Hardware watermarking, also known as IP core watermarking is the process of embedding covert marks as design attributes inside a hardware or IP core design itself. Hardware Watermarking can represent watermarking of either DSP Cores (widely used in consumer electronics devices) or combinational/sequential circuits. Both forms of Hardware Watermarking are very popular. In DSP Core Watermarking a secret mark is embedded within the logic elements of the DSP Core itself. DSP 
Core Watermark usually implants this secret mark in the form of a robust signature either in the RTL design or during High Level Synthesis (HLS) design. The watermarking process of a DSP Core leverages on the High Level Synthesis framework and implants a secret mark in one (or more) of the high level synthesis phases such as scheduling, allocation and binding. DSP Core Watermarking is performed to protect a DSP core from hardware threats such as IP piracy, forgery and false claim of ownership. Some examples of DSP cores are FIR filter, IIR filter, FFT, DFT, JPEG, HWT etc. Few of the most important properties of a DSP core watermarking process are as follows: 
(a) Low embedding cost 
(b) Secret mark 
(c) Low creation time 
(d) Strong tamper tolerance 
(e) Fault tolerance.

Process of hardware watermarking 
Hardware or IP core watermarking in the context of DSP/Multimedia Cores are significantly different from watermarking of images/digital content. IP Cores are usually complex in size and nature and thus require highly sophisticated mechanisms to implant signatures within their design without disturbing the functionality. Any small change in the functionality of the IP core renders the hardware watermarking process futile. Such is the sensitivity of this process. Hardware Watermarking can be performed in two ways: (a) Single-phase watermarking, (b) Multi-phase watermarking.

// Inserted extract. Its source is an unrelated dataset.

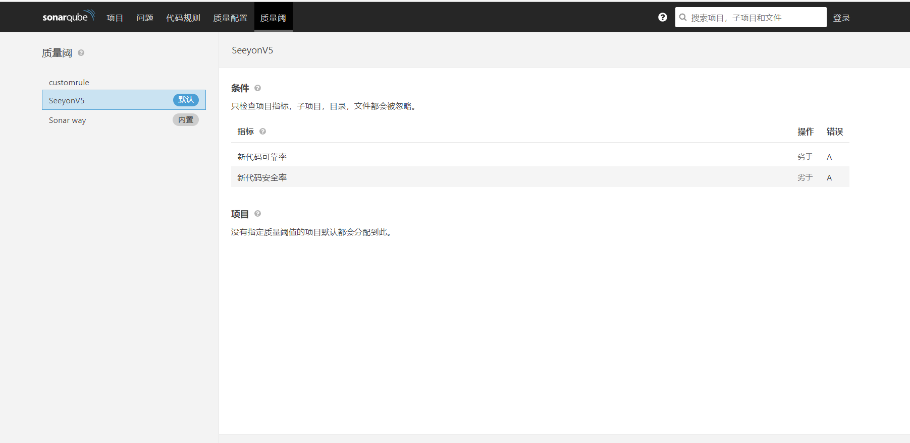 项目旁边的绿色字体正常为质量阈值规则检测的结果。他的作用是允许用户定义什么质量的统计结果视为检测通过。如Bugs和漏洞必须为0,安全性评级、可靠性评级为A

Single-phase watermarking process 
As the name suggests, in single-phase watermarking process the secret marks in the form of additional constraints are inserted in a particular phase of design abstraction level. Among the all design abstraction level of Electronic design automation process inserting watermarking constraints at High-level synthesis is always beneficial, especially where the applications have complex algorithms (such as Digital signal processor, Media processor). The register allocation phase of High-level synthesis is one of the popular locations where single-phase watermarking constraints are inserted. Mostly the secret marks are inserted in the register allocation phase using the concept of Graph coloring, where each additional constraint is added as an additional edge of the graph. Moreover, the additional constraints are mapped with an encoded variable for providing another layer of security. In binary encoding process the signature is provided in the form of 0 and 1; where each digit indicates a decoded constraints. In multi-variable encoding process  the signature is provided in the form of four different variables viz. 'i', 'T', 'I', '!'.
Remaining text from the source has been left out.